# A question in topological group

• Sep 16th 2010, 12:54 AM
luoginator
A question in topological group
Hey guys, I was just thinking of a question in topological group. Suppose A and B are two closed sets in a topological group, then A*B is closed. Can any of you help me think of a counter example of this please? Or, if you think it is true, then you may prove it.

Thanks a lot.
• Sep 16th 2010, 04:19 AM
Opalg
Quote:

Originally Posted by luoginator
Hey guys, I was just thinking of a question in topological group. Suppose A and B are two closed sets in a topological group, then A*B is closed. Can any of you help me think of a counter example of this please? Or, if you think it is true, then you may prove it.

This need not be true even in an Abelian group. For example, a normed vector space is a topological group under addition (just ignore the scalar multiplication), and it is possible for the sum of two closed subspaces to be non-closed.
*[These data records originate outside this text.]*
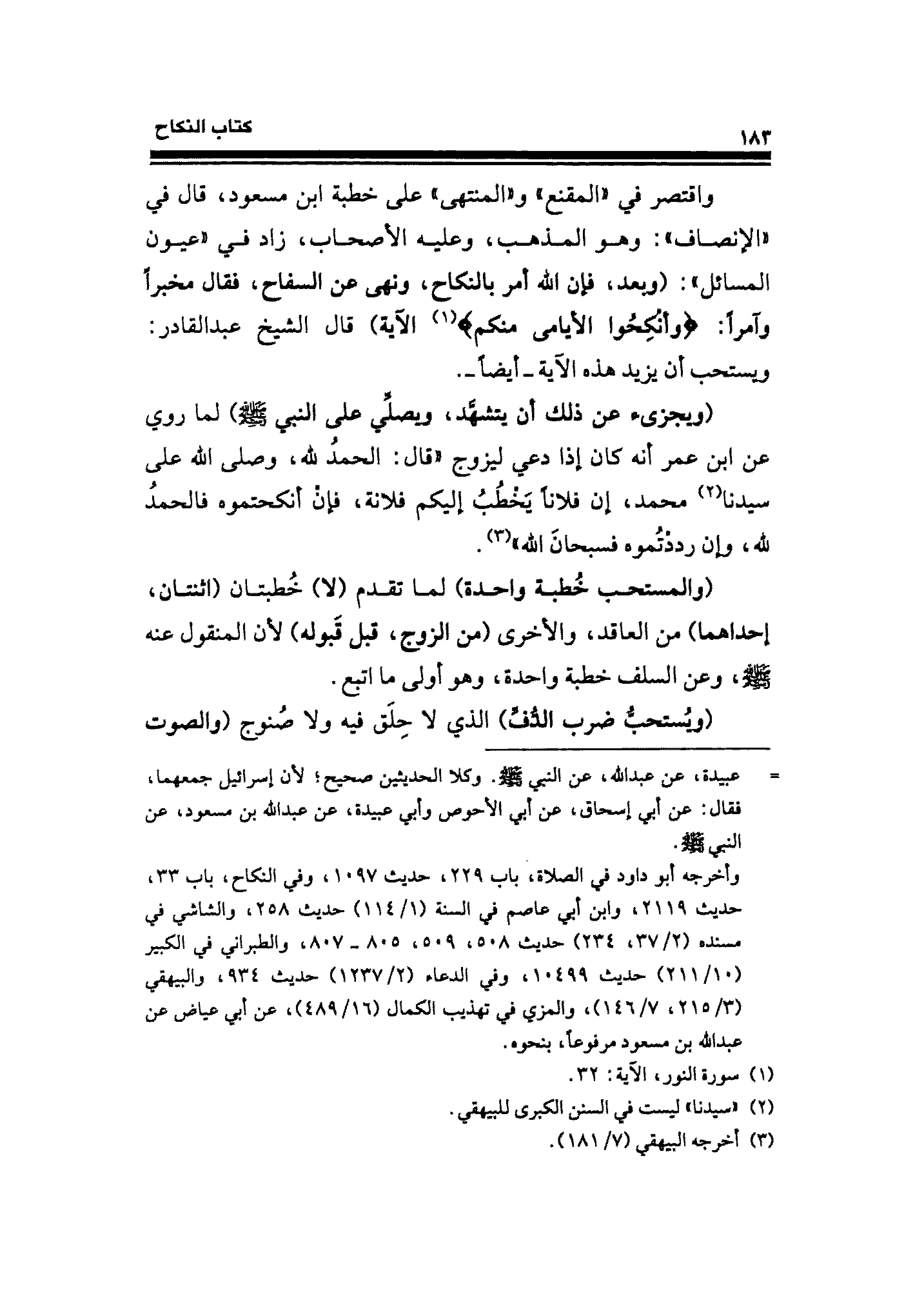 واقتصر في "المقنع" و"المنتهى" على خطبة ابن مسعود، قال في "الإنصاف": وهو المذهب، وعليه الأصحاب، زاد في "عيون المسائل": (وبعد، فإن الله أمر بالنكاح، ونهى عن السفاح، فقال مخبرًا وآمرًا: {وَأَنْكِحُوا الْأَيَامَى مِنْكُمْ} (¬١) الآية) قال الشيخ عبد القادر: ويستحب أن يزيد هذه الآية -أَيضًا-.
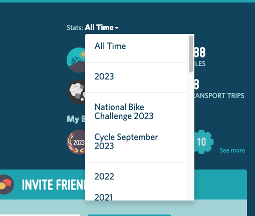 You can find your own dashboard through the mobile app on your phone or from a computer, but the computer option is a bit easier. Log in, and click on your user profile (your name, on the upper right side of the web page). Once there, you’ll see your personal dashboard, and to see Cycle September stats, you’ll need to select it from the “Stats” drop down on the right hand side of the dashboard: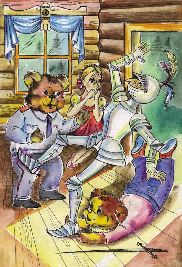 Шли вы бабушку искать,Мол, яга – старушка!Оказалось всё не так —Я вредная девчушка!Сбитый с толку медведь совсем растерялся.
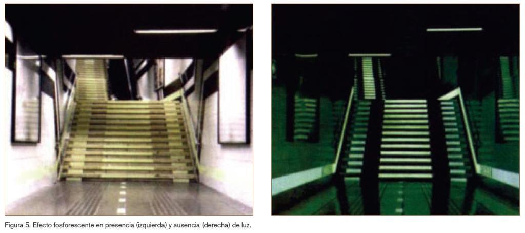 Aplicando este concepto a las baldosas cerámicas, se puede entender como la obtención de baldosas con propiedades fosforescentes abre múltiples aplicaciones, desde su utilización como marcas de rutas de escape en espacios oscuros en caso de cortes en el suministro eléctrico, hasta las grandes posibilidades decorativas que dicho fenómeno posibilita (figura 5).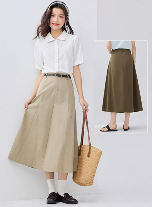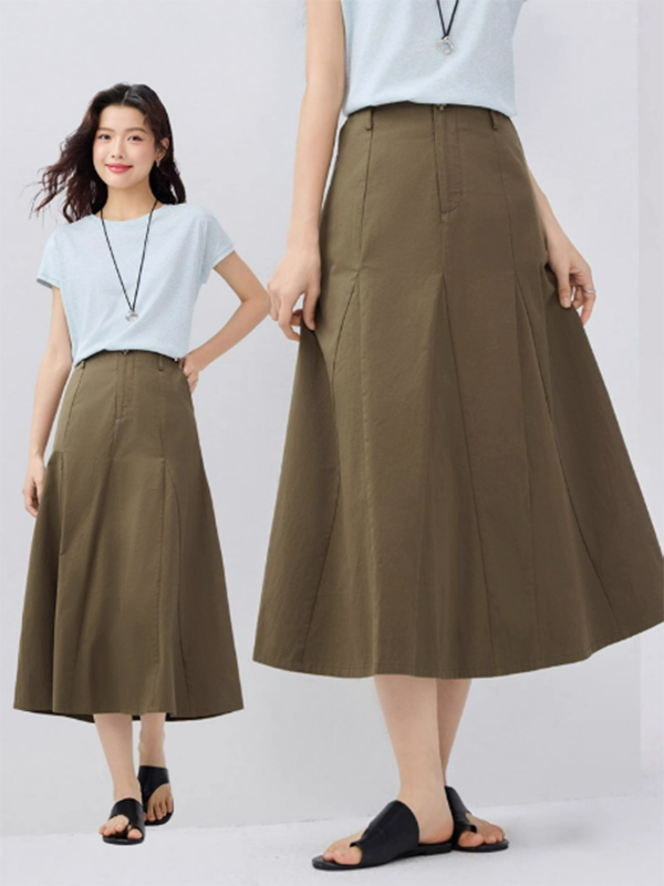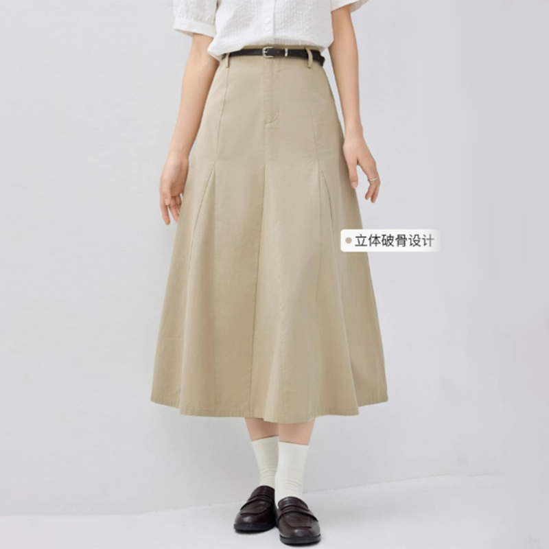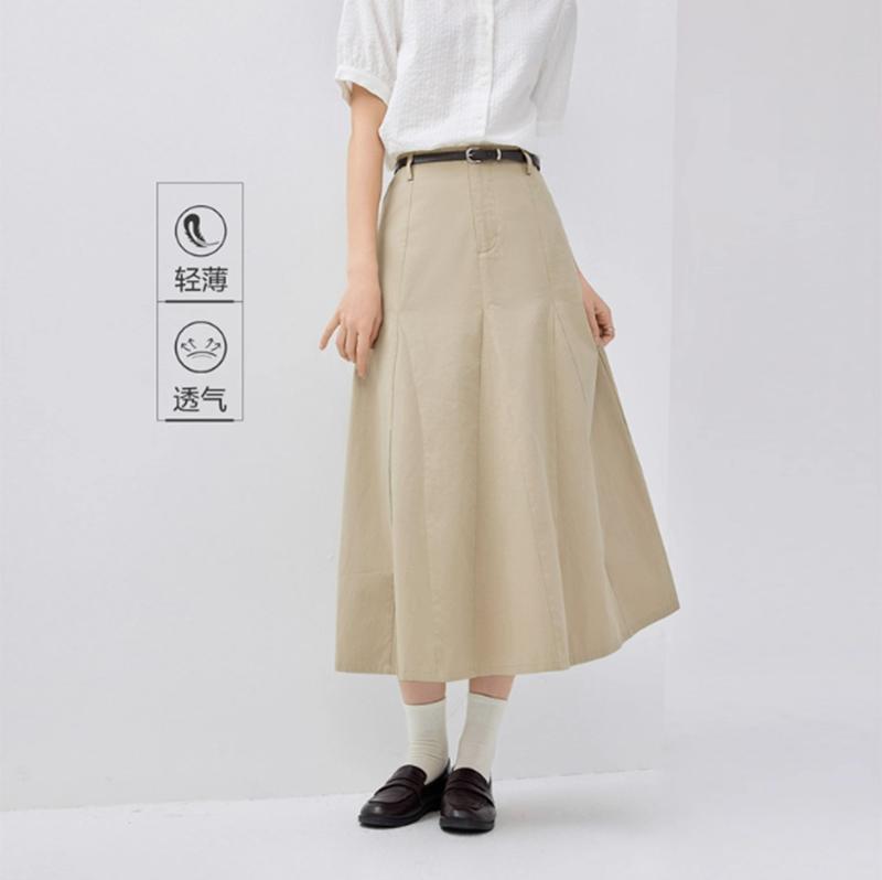 佐丹奴裙子女夏季新款纯棉显瘦A字裙破骨薄款半身长裙女13465330

A specific example of that is given here.
• Sep 16th 2010, 03:52 PM
luoginator
Thanks, but what about the multiplication. A*B means a*b for a belongs to A and b belongs to B. Thanks
• Sep 16th 2010, 07:13 PM
Iondor
I have a counterexample:
Take the multiplicative group of the reals
$G:=\mathbb{R}-\{0\}$

$
A:=\mathbb{Z}-\{0\}
$

$
B:=\{\frac{1}{n} : n \in \mathbb{N} , n\geq 1\}
$

are closed in G, but
$A\cdot B=\mathbb{Q}-\{0\}$
isn't.
• Sep 16th 2010, 09:40 PM
luoginator
Nice Counter Example. thx:)
• Sep 16th 2010, 11:55 PM
Opalg
Quote:

Originally Posted by luoginator
Thanks, but what about the multiplication. A*B means a*b for a belongs to A and b belongs to B. Thanks

A vector space is an additive group, so the group operation is addition.

Iondor's example is a lot simpler and neater than the one I gave. But the vector space example shows that you can even take A and B to be closed subgroups of a topological group, and their "product" (which is their sum in this case) can still fail to be closed.